Monica Crowley, Donald Trump's pick for a senior national security communications role, plagiarized multiple sources in some of her columns for the Washington Times, a CNN KFile review has found.

CNN’s KFile reviewed close to 50 of Crowley's columns over the past five years, finding examples of plagiarism in seven. Crowley is a columnist for the newspaper and served as its online opinion editor.

Crowley's work has come under scrutiny after a CNN KFile investigation found more than 50 instances of plagiarism in her 2012 book. On Monday, Politico Magazine reported sections of Crowley's Phd dissertation for Columbia University has been plagiarized.

HarperCollins announced on Tuesday it would no longer sell Crowley's book until revisions were made to properly attribute sources.

In her columns, Crowley, a conservative author and longtime Fox News personality, copied lines from Fox News, Reuters, Commentary Magazine, the Washington Times itself, World Net Daily, and the Associated Press.

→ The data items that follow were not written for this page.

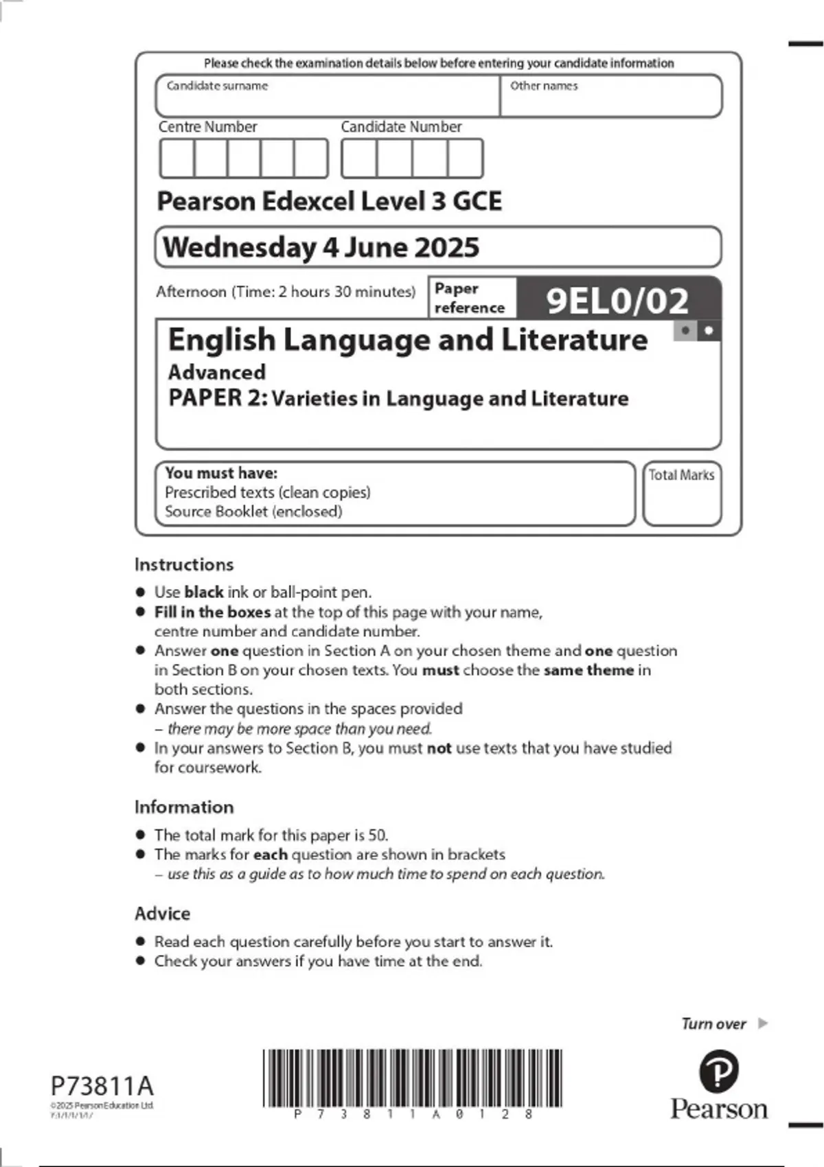 2025 Pearson Edexcel Level 3 GCE 9EL0/02 English Language and Literature Advanced PAPER 2: Varieties in Language and Literature
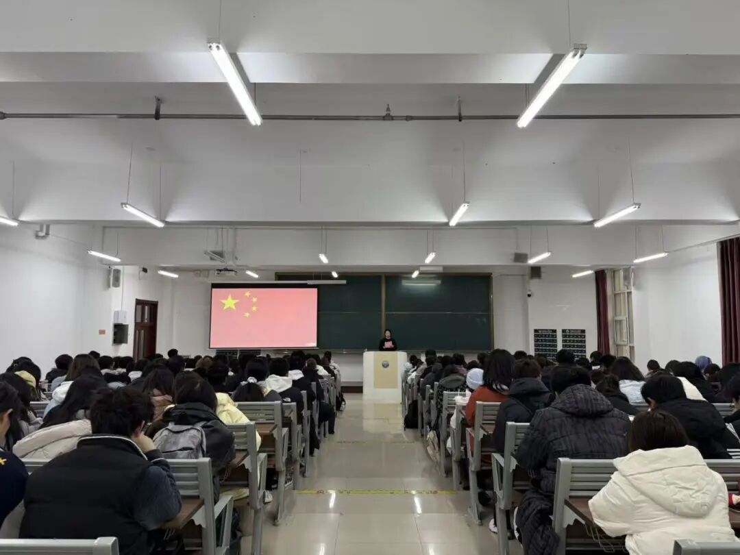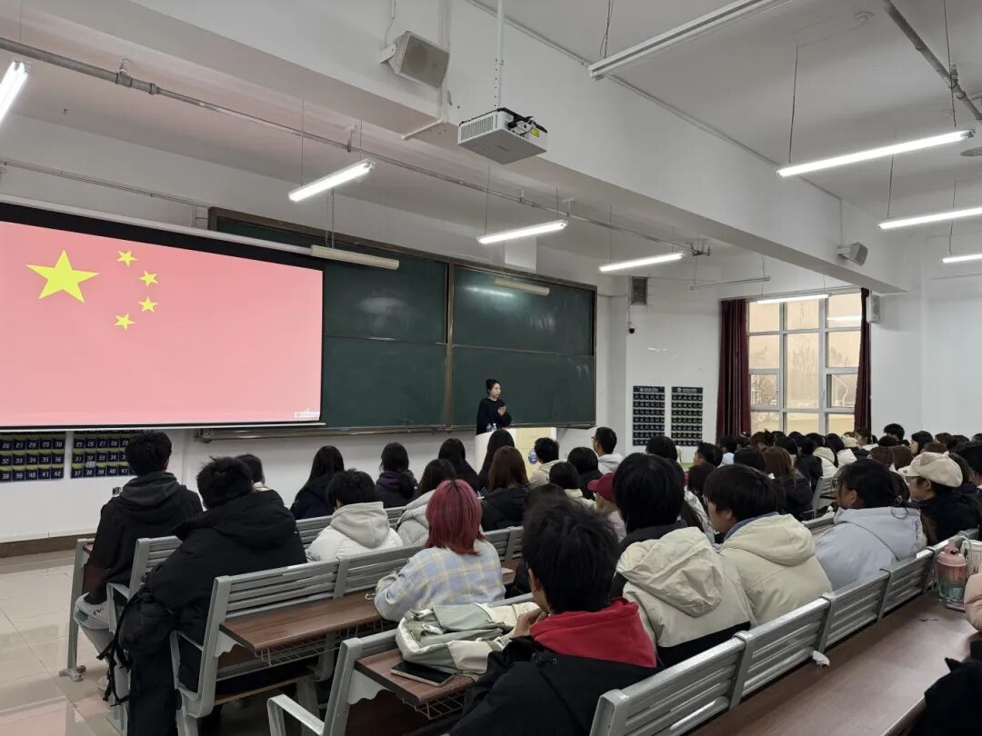 随后,孙雪纯老师以“中华民族精神基因”阐释爱国主义的传承与时代内涵,结合古今爱国案例,让同学们读懂青年担责的历史渊源;其次,她围绕“新时代青年如何担强国重任”,强调当代青年应锚定理想信念、深耕学业创新、锤炼品德修为、拓宽国际视野;最后,她结合青年成长与国家发展的紧密联系,呼吁大家以实际行动将家国情怀融入学业与成长,践行青年使命。
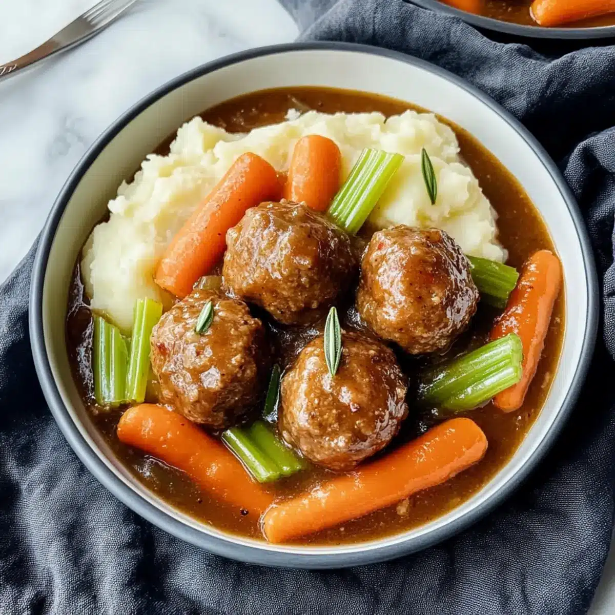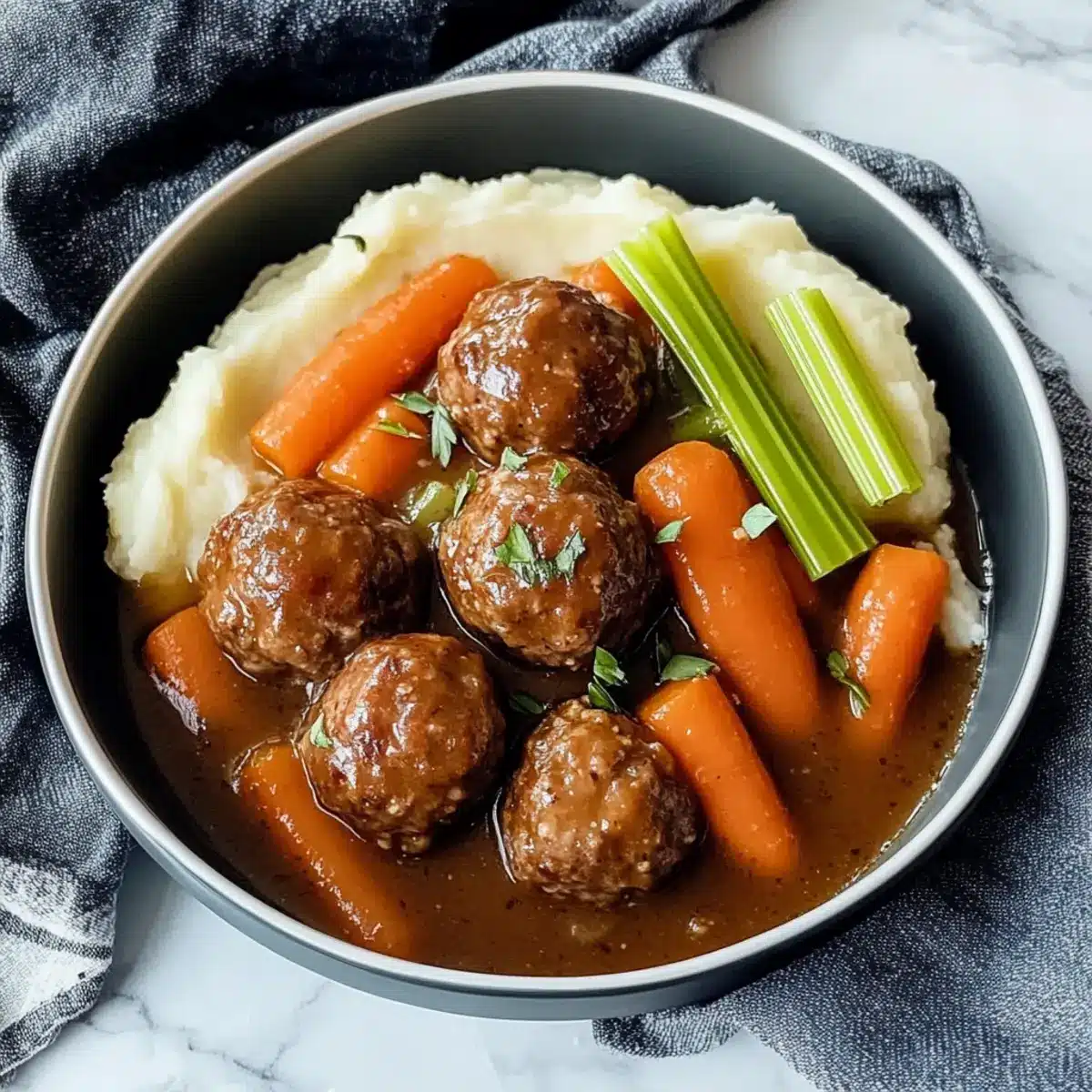 Savory Comfort: The rich brown gravy, tender meatballs, and fresh veggies create a dish that feels like a warm hug.
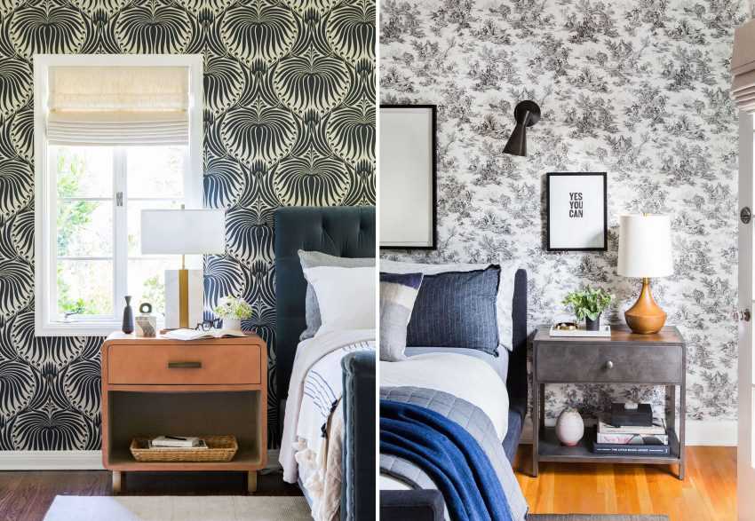 Также на пике популярности «акцентная стена». Традиционно эта стена находится у изголовья кровати. К примеру: акцентную стену заклеиваете яркими обоями, а оставшиеся три однотонными, которые сочетаются по цвету.
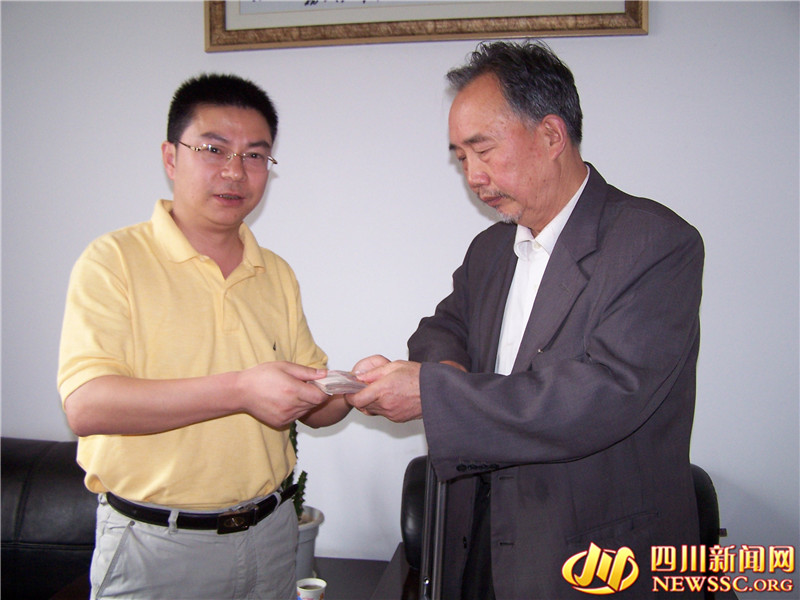 侯方杰(右)交纳2万元特殊党费支持抗震救灾
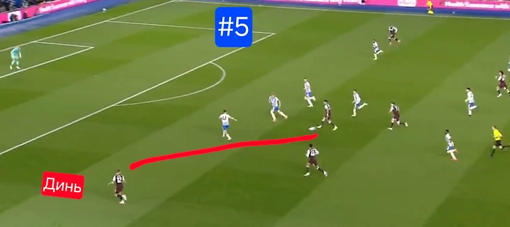 5. Брайтон часто оборонялся 5 в линию – 4 защитника + опорник. Но на данном скриншоте левый защитник Эступиньян вынужден присматривать за угрозой со своего фланга. А по центру сразу 3 бирмингемца напирают на 4 игроков Брайтона. Никому нет дела до левого защитника Люка Диня. Уоткинс стягивает на себя оборонцев и отдаёт передачу налево. Далее – кросс от француза.
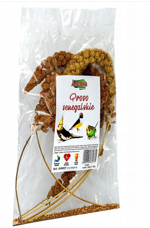 Proso Senegalskie 80g stanowi bardzo dobre uzupełnienie diety ptaków i gryzoni oraz zapewnia im rozrywkę, poprzez wyskubywanie ziaren z kłosów. Stanowi bogate źródło sodu, potasu, wapnia, magnezu, soli mineralnych oraz witamin A i B.
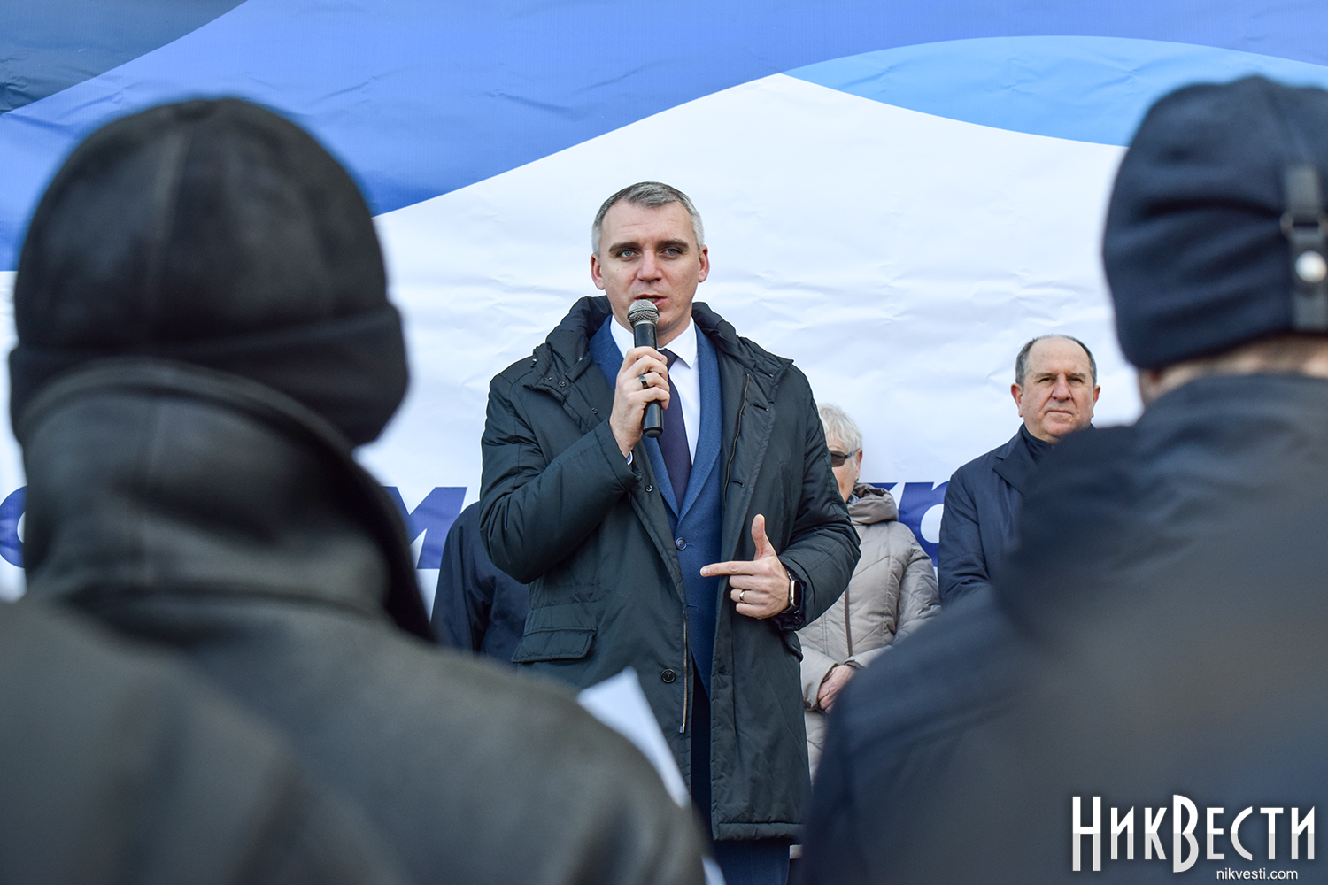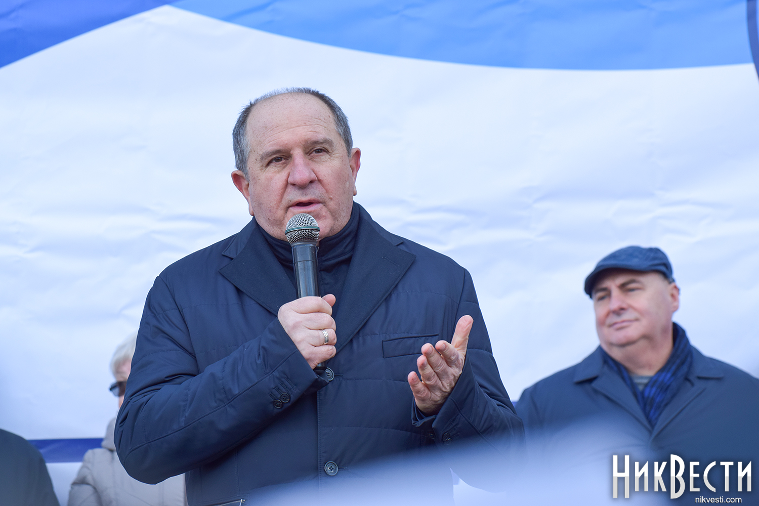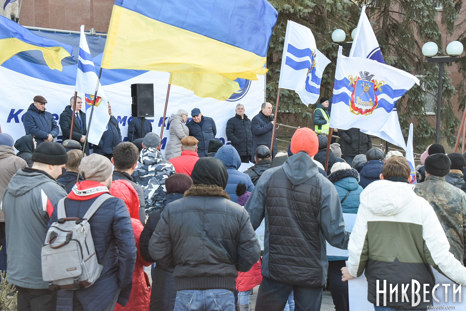 На митинге также присутствуют Николаевский городской голова Александр Сенкевич, Николаевский бизнесмен, нынешний владелец судостроительного завода «Океан» Василий Капацына, народный депутат Украины VII и VIII созыва Артём Ильюк, депутаты Николаевского городского совета Вячеслав Апанасенко, Елена Киселева, Анатолий Дюмин, Вячеслав Карцев и Сергей Карцев.
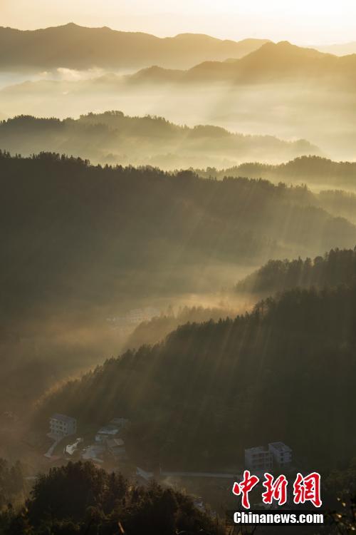 3月9日,江西省遂川縣佛祖仙嶺遠(yuǎn)眺,群山起伏,陽(yáng)光照在林間,形成一道道光芒,風(fēng)景如畫。中新社發(fā) 肖遠(yuǎn)泮 攝 圖片來(lái)源:CNSphoto
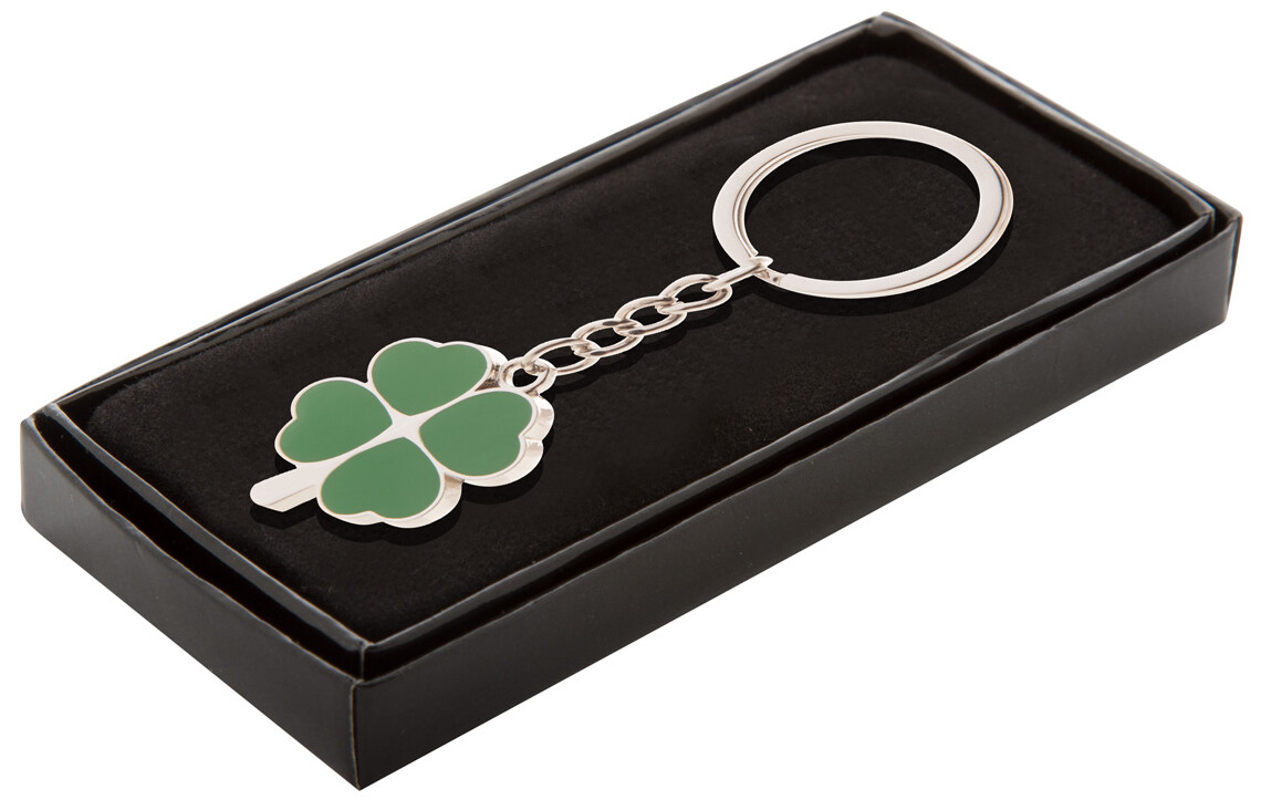 Přívěšek na klíče ve tvaru čtyřlístku. V černé dárkové krabičce.
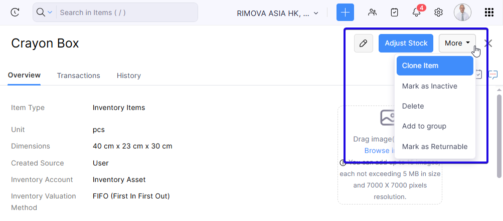 You can edit, adjust stock, mark as inactive, delete, etc. an item by clicking on its name and selecting the appropriate option to the right:
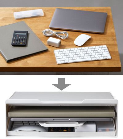 PC作業に必要なアイテムをひとまとめにでき、作業時はスタンドを立ててノートPCをセットすれば、すぐに仕事空間を整えることができます。
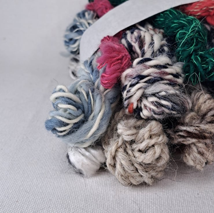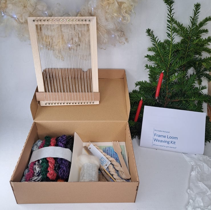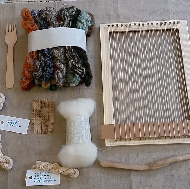All you need to start Weaving. The Kit includes a handmade 8" x 11" (20cm x 28cm), Solid Wood Weaving Loom, over 120mtrs multi colured handspun yarns enough for at least 3 projects. Detailed instructions with photos for setting up the loom, together with weaving stitches to help you create your own unique pieces of Art. How to finish off and remove from the Loom your Weaving Project. The Loom comes fully Warped to start your first piece, but there is also extra Warping Thread, Twining Thread, Tapestry Needle, Spacing Bar, Shed Stick, Wool Fleece Fork, and a piece of Driftwood to hang your work from. For postage outside the UK please message for details.
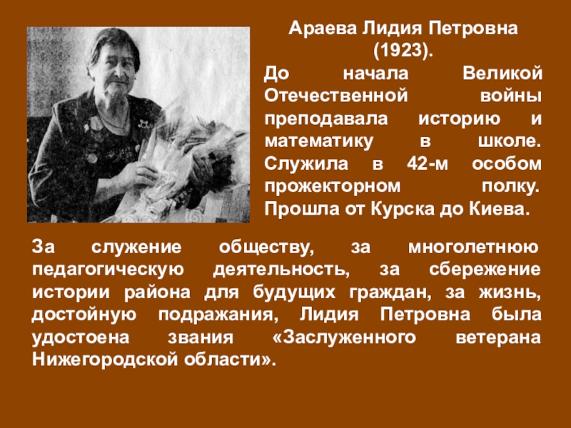 За служение обществу, за многолетнюю педагогическую деятельность, за сбережение истории района для будущих граждан, за жизнь, достойную подражания, Лидия Петровна была удостоена звания «Заслуженного ветерана Нижегородской области».

Washington Times editor-in-chief Christopher Dolan told CNN earlier in the week that they were reviewing Crowley's work and asked CNN's KFile to send along examples of what they had found. They did not respond to a follow up request for comment on the particular instances. Crowley did not respond to a request for comment, nor did the Trump transition team.

An October 1, 2014 column on ISIS copied lines from a Reuters news report from the month before.

An October 15, 2014 column on Ebola carried the same line and similar conclusion as a column by Liz Peek that ran on Fox News' website a week earlier. That same column copies, with slight rearrangements of the word order, text from an NBC News article.

In September of 2014, Crowley copied lines for another article on ISIS from the New York Times and Commentary Magazine.

A column on the FBI investigation into Hillary Clinton's use of a private email server column used several lines word-for-word from the Fox News article it was based on.

Other instances of plagiarism included work from World Net Daily, the Associated Press, and a Washington Times article on polling.

Crowley also copied her own work, like when she took a July 2009 column "American Exceptionalism" and lifted paragraphs that would later appear in a 2015 column on Republican presidential candidates.

Crowley also used lines from a column that ran on Fox News' website after Mitt Romney's loss in 2012 in column last month on the 2016 election.